Every record needs to come back as written, except for the pictures.
====== Input for this task ======
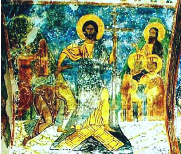
Figure 46. The Anastasis , c. 1130–1140, fresco, north vault of the narthex, Cathedral of the Transfiguration, Mirozhsky Monastery, Pskov (Russia)
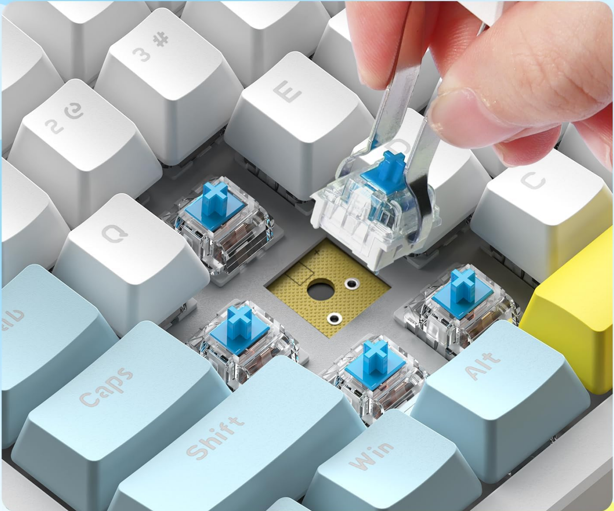
Image: A hand demonstrating the use of a keycap puller on the LexonElec RK-84 keyboard, highlighting its 3-pin hot-swappable switch sockets.
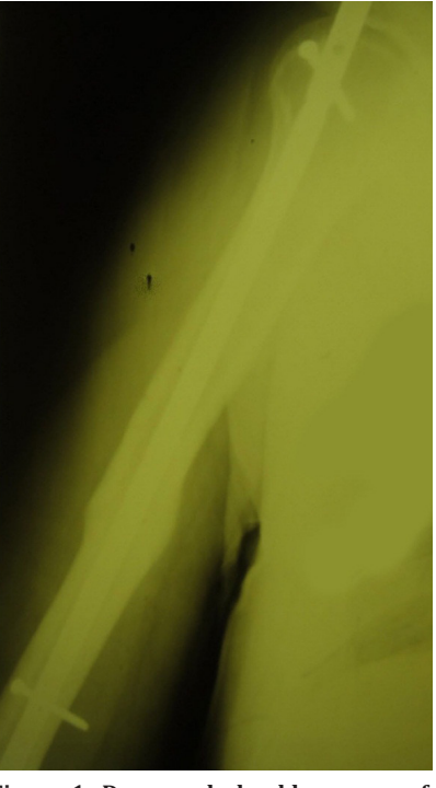
Figure 1. Decreased shoulder range of motion caused by nail protrusion out of the humeral head

In the month one (Visit A), sixth (Visit B), and 18th (Visit C) after surgery, each patient was examined by another surgeon. Complications were recorded and
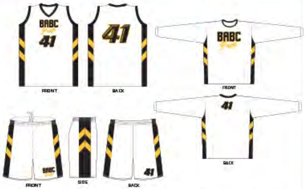
# 12134 - BABC PREP BASKETBALL- SUB 10156, SUB 10148, SUB 10187
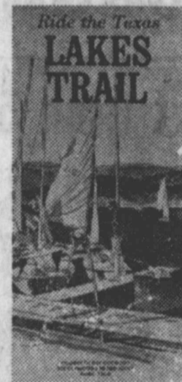
Follow the Lakes Trail and discover what "First Mondays" are and what you can swap there.
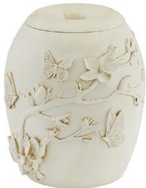
Standard Urns: Mother of Pearl/Seaside/Spartan Tall Bronze/Renton/Spartan Dark/Blossoms Butterflies
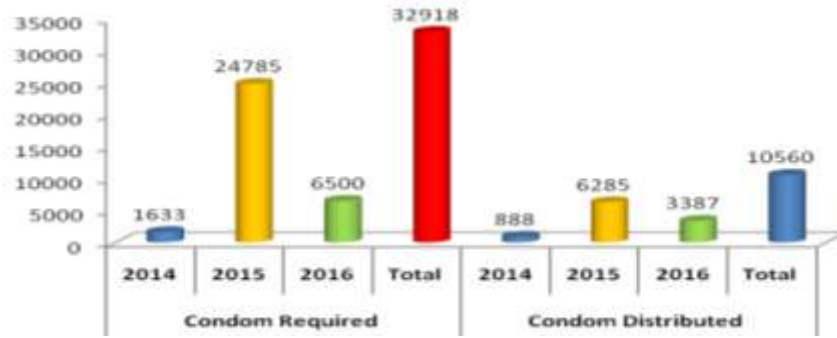
Fig 1: Condom required and distributed
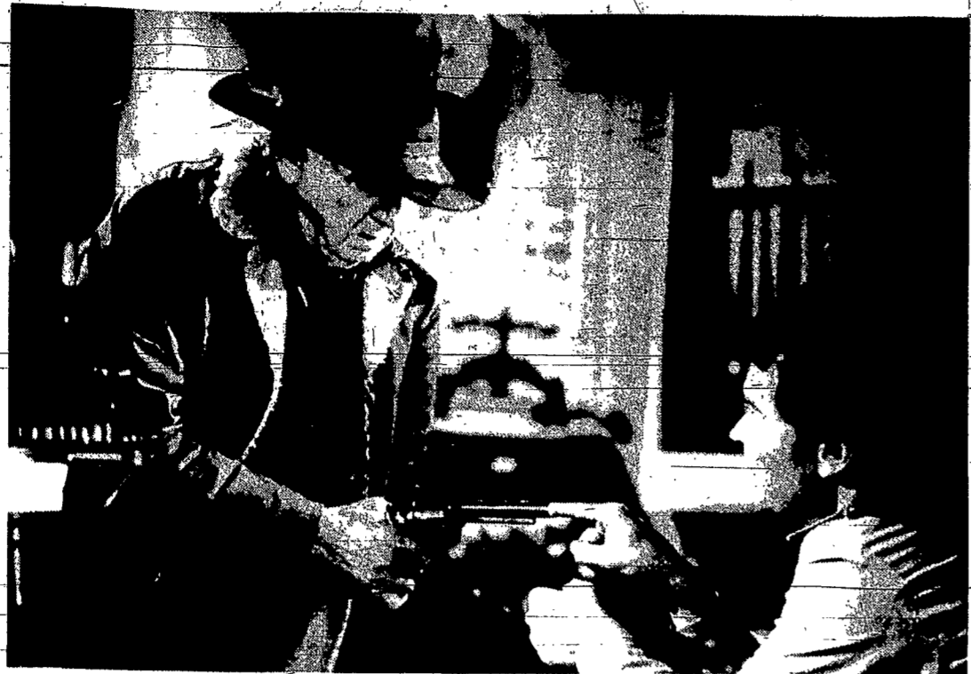
JAMES GARNER MAKING A POINT.

"If the picture has anything resembling a consistent point of view, it is one of debunking violence," concluded the National Catholic Office for Motion Pictures. "It is a refreshing viewpoint to
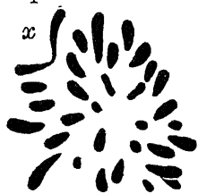
FIG. 7. Hexacentrus mundus .

All are from spermatogonial metaphases, \times 1500 .
======
* [Written solution]
Figure 46. The Anastasis , c. 1130–1140, fresco, north vault of the narthex, Cathedral of the Transfiguration, Mirozhsky Monastery, Pskov (Russia)
Image: A hand demonstrating the use of a keycap puller on the LexonElec RK-84 keyboard, highlighting its 3-pin hot-swappable switch sockets.
Figure 1. Decreased shoulder range of motion caused by nail protrusion out of the humeral head

In the month one (Visit A), sixth (Visit B), and 18th (Visit C) after surgery, each patient was examined by another surgeon. Complications were recorded and
# 12134 - BABC PREP BASKETBALL- SUB 10156, SUB 10148, SUB 10187
Follow the Lakes Trail and discover what "First Mondays" are and what you can swap there.
Standard Urns: Mother of Pearl/Seaside/Spartan Tall Bronze/Renton/Spartan Dark/Blossoms Butterflies
Fig 1: Condom required and distributed
JAMES GARNER MAKING A POINT.

"If the picture has anything resembling a consistent point of view, it is one of debunking violence," concluded the National Catholic Office for Motion Pictures. "It is a refreshing viewpoint to
FIG. 7. Hexacentrus mundus .

All are from spermatogonial metaphases, \times 1500 .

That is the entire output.